Exercise instructions:
Restate word for word the entries below, starting at the line with "Jag bar in alla" and ending at the line with "Gorgeous bombshell in". Keep both end lines and omit the pictures.

Data for the task:
---

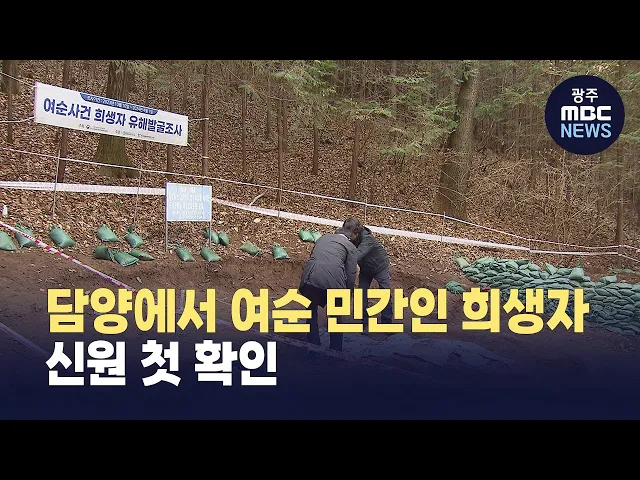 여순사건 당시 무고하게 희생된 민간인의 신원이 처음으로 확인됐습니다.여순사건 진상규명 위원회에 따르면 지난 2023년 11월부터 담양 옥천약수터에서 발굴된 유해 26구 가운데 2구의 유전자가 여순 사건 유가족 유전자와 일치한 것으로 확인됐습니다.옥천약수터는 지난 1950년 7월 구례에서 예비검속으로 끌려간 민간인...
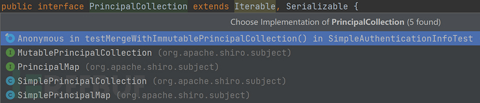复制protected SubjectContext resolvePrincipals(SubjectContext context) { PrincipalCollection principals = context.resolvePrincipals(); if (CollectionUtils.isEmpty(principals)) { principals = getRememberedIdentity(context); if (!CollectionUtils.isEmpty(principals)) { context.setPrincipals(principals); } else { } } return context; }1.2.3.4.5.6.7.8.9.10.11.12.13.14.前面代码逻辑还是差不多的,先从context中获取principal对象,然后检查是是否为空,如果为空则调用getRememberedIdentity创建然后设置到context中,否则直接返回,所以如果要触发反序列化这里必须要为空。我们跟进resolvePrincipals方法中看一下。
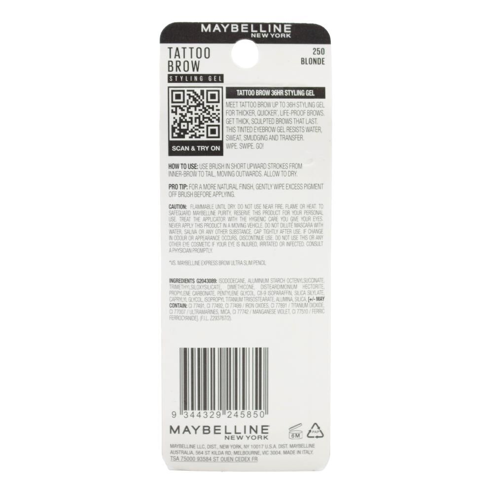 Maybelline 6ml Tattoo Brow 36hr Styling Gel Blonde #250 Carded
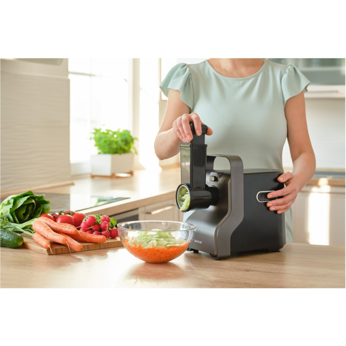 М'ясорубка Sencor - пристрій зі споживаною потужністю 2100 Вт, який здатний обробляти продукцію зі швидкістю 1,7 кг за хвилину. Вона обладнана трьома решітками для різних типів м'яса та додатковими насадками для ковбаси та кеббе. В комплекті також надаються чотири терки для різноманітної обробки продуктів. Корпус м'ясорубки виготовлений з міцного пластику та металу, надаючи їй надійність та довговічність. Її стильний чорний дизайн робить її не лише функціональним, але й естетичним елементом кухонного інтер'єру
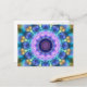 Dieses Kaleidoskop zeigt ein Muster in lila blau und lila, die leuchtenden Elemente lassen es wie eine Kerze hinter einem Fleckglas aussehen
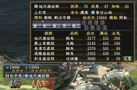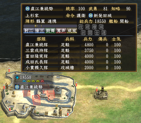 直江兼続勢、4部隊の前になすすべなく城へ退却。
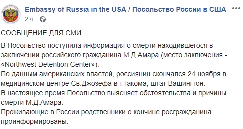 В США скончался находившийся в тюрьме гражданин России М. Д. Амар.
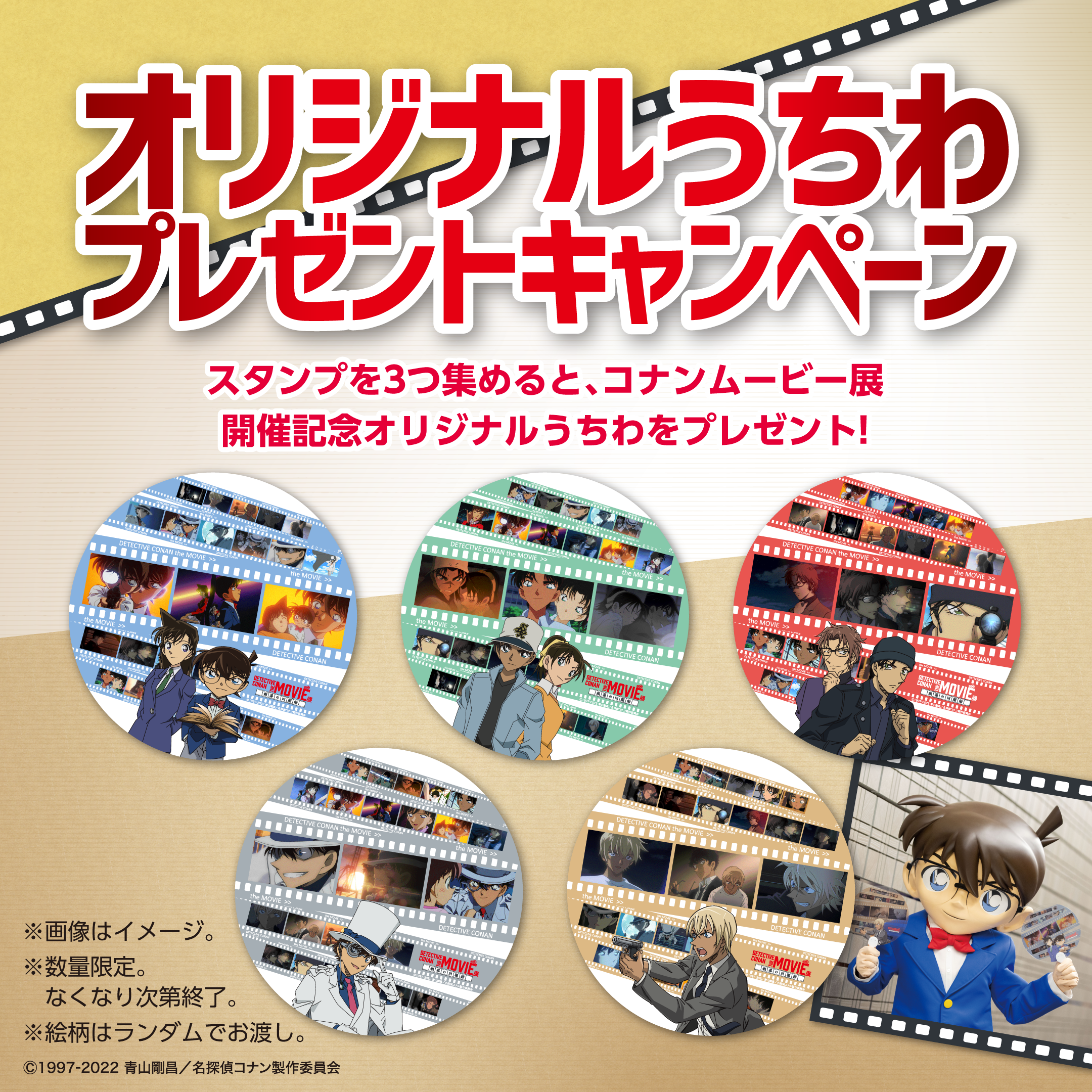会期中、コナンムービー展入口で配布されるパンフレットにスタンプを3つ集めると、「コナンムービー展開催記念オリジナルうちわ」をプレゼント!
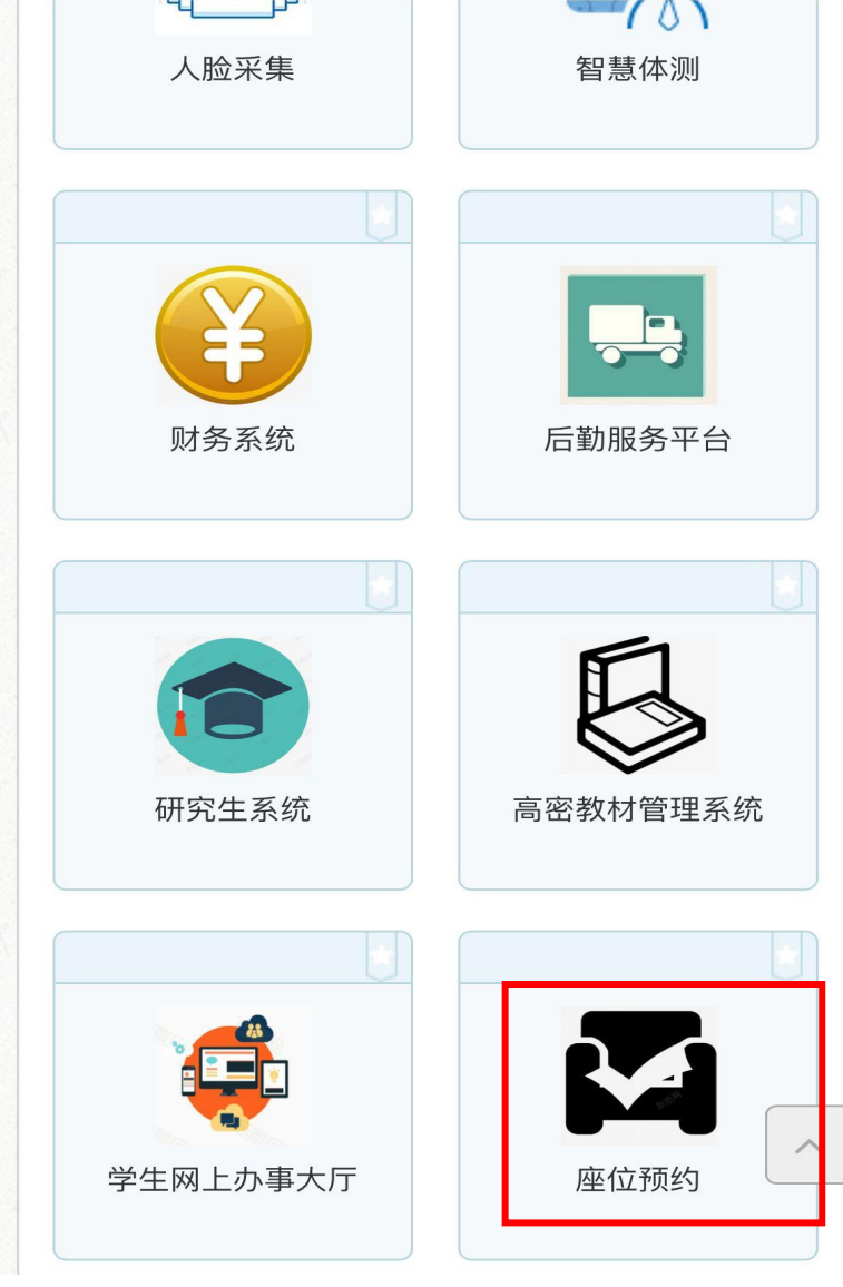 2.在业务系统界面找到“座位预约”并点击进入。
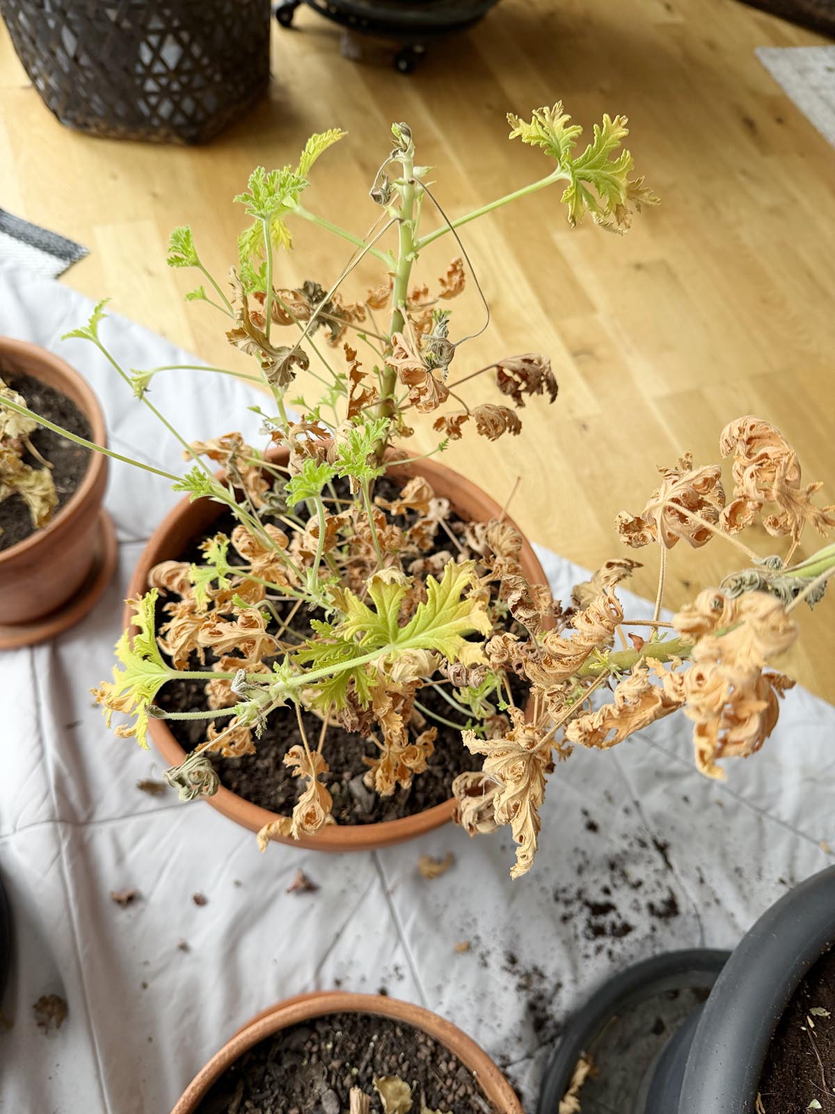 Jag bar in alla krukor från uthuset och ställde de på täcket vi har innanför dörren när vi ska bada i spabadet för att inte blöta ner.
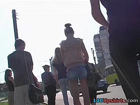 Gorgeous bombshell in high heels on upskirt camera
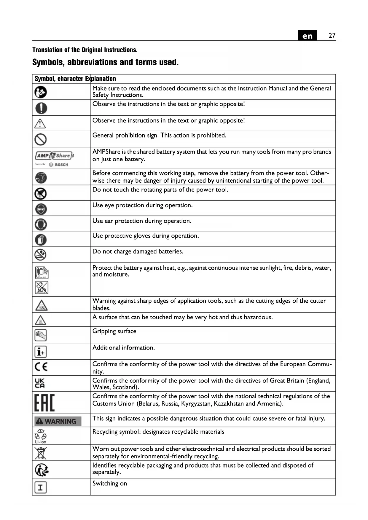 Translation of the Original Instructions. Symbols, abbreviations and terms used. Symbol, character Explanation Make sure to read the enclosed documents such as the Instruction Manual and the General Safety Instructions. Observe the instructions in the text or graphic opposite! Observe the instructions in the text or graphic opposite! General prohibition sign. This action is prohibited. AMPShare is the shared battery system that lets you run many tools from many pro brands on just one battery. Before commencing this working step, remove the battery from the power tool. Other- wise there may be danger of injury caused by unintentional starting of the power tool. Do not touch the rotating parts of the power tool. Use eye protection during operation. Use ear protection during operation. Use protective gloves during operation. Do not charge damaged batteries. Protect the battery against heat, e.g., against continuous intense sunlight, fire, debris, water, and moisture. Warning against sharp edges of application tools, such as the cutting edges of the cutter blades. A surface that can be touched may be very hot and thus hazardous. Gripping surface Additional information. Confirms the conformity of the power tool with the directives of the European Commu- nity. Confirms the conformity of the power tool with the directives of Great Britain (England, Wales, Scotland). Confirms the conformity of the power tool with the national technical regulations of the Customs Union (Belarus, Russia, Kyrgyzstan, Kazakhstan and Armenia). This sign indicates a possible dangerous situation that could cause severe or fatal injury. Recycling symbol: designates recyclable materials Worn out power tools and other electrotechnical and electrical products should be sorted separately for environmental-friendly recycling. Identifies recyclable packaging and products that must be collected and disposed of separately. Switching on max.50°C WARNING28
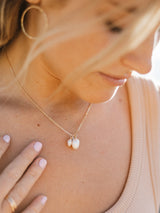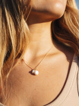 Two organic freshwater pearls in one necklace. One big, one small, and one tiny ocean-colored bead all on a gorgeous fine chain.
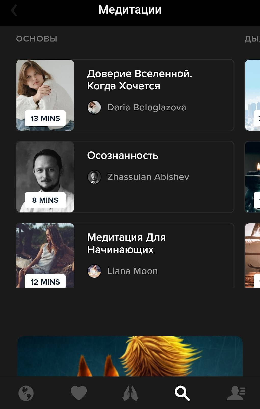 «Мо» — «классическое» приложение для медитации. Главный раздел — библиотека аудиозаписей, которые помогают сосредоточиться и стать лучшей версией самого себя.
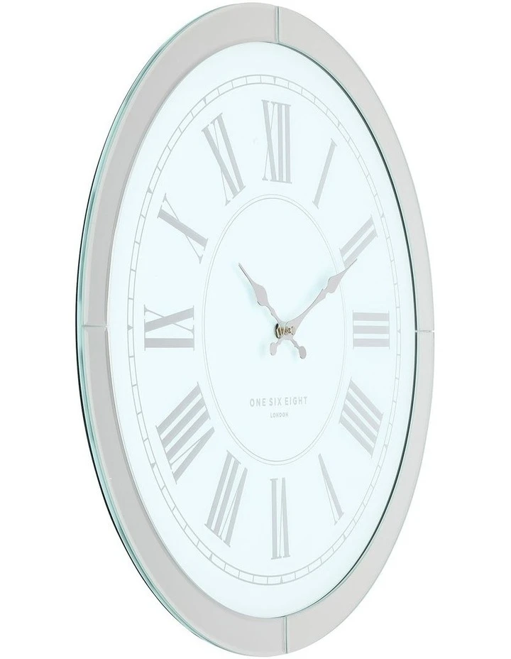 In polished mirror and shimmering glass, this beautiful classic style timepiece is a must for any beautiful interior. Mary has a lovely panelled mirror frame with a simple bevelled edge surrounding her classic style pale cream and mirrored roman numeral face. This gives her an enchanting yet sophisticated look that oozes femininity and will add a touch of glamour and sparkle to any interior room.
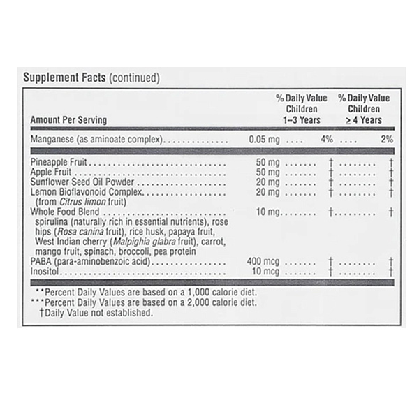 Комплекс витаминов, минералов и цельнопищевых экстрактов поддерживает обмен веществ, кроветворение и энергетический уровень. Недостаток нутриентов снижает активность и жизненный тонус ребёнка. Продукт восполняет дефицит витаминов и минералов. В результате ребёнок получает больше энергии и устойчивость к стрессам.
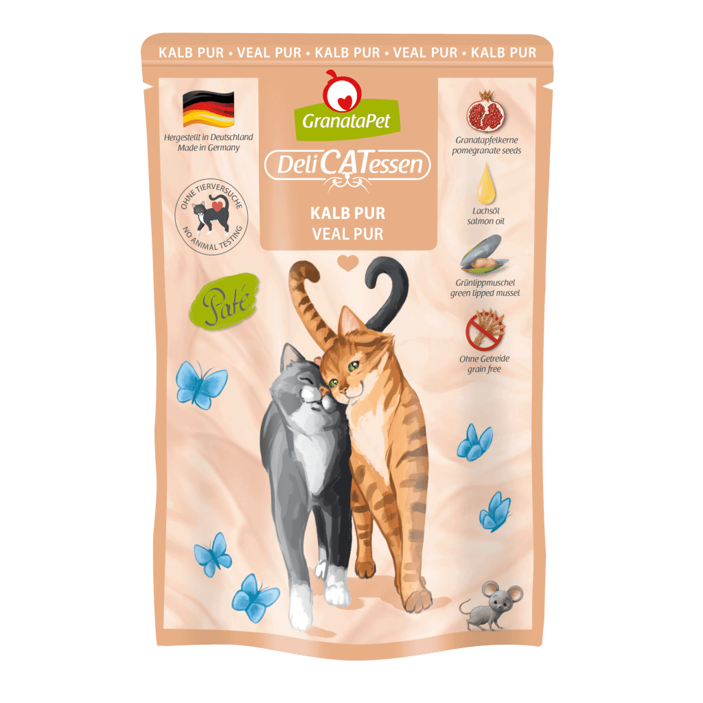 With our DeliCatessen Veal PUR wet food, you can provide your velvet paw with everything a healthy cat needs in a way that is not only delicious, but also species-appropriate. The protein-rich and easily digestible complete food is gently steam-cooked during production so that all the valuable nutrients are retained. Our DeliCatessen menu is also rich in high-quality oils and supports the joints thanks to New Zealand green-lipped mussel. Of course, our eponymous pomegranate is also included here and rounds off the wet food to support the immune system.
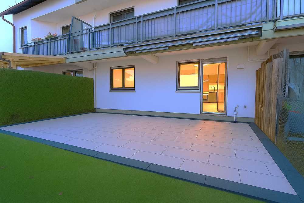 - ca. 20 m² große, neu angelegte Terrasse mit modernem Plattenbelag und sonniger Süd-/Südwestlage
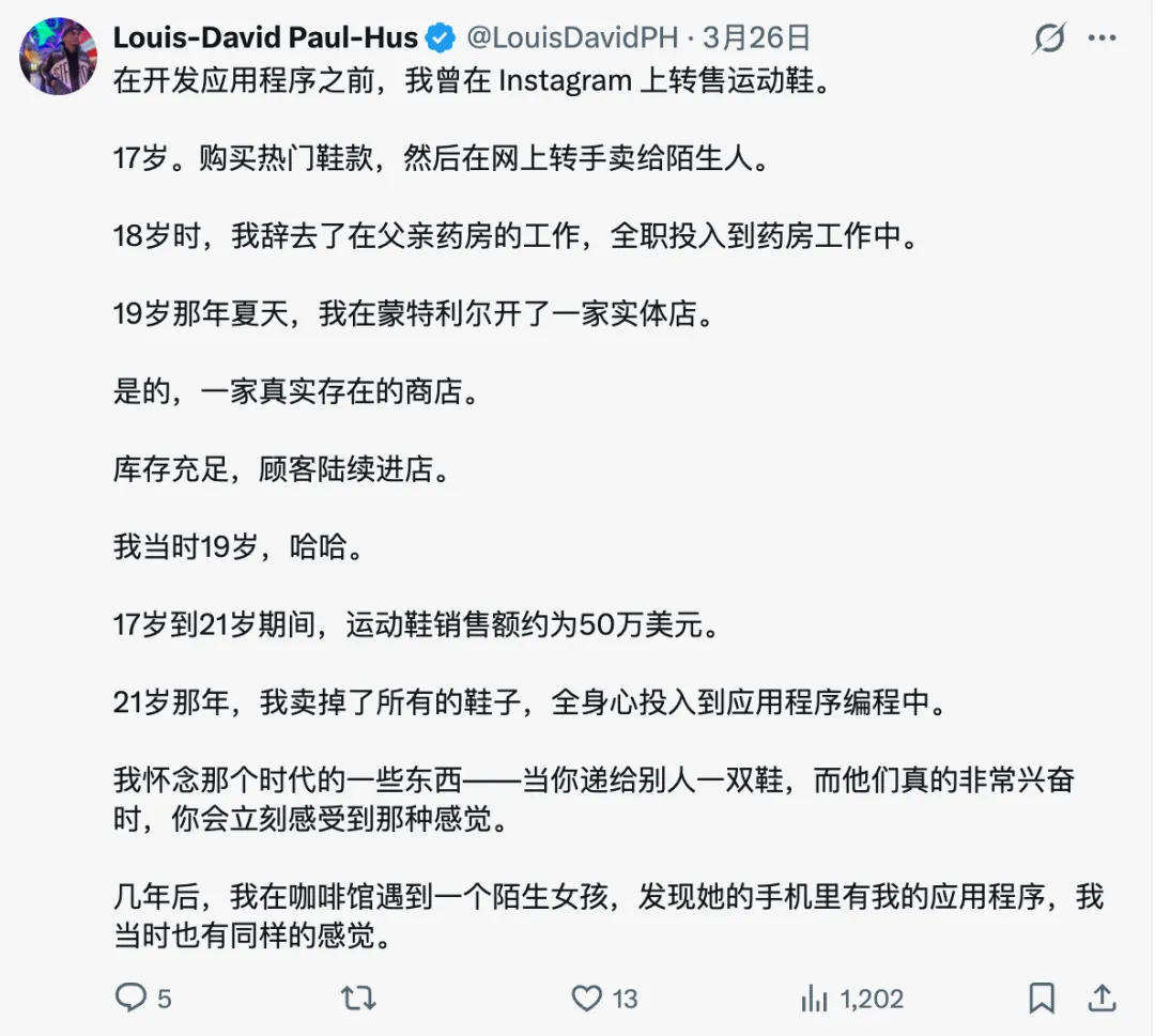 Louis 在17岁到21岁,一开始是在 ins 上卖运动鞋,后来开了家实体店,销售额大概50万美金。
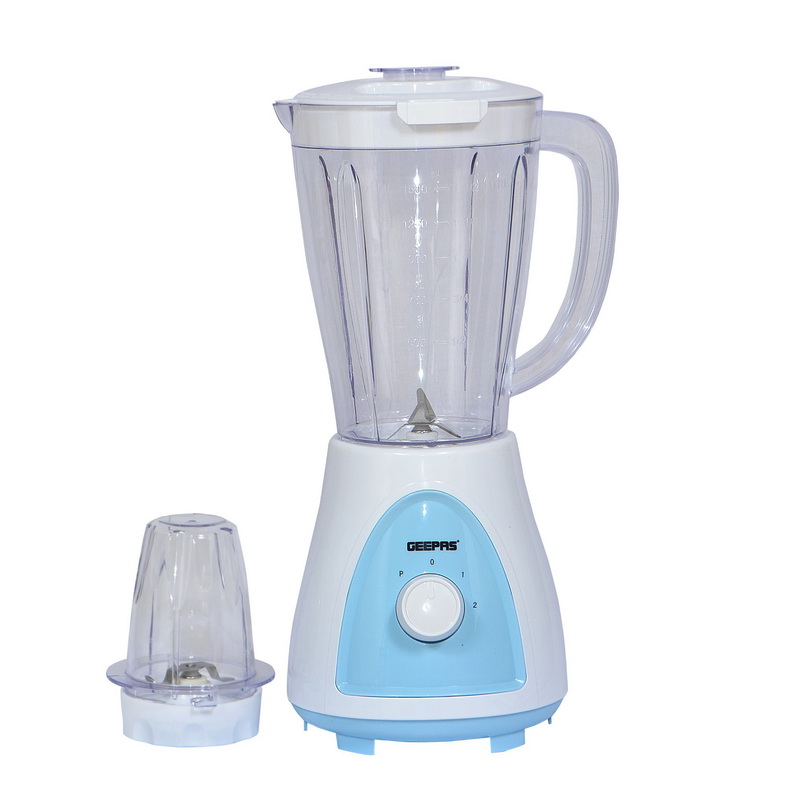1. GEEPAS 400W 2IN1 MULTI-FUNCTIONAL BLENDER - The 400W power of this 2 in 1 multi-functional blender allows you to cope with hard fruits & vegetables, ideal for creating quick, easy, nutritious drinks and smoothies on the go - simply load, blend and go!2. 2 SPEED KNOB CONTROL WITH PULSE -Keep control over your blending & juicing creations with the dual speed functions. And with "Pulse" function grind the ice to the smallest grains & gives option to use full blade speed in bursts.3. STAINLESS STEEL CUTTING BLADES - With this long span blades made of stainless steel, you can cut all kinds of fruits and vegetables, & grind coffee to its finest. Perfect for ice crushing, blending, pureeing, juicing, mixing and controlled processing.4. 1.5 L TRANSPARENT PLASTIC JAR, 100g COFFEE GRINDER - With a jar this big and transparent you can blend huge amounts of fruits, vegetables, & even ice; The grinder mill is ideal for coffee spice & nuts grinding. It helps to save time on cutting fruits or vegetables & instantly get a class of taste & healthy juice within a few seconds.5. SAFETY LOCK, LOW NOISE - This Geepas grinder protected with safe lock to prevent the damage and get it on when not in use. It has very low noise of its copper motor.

---

Reply to the exercise:
 Jag bar in alla krukor från uthuset och ställde de på täcket vi har innanför dörren när vi ska bada i spabadet för att inte blöta ner.
 Gorgeous bombshell in high heels on upskirt camera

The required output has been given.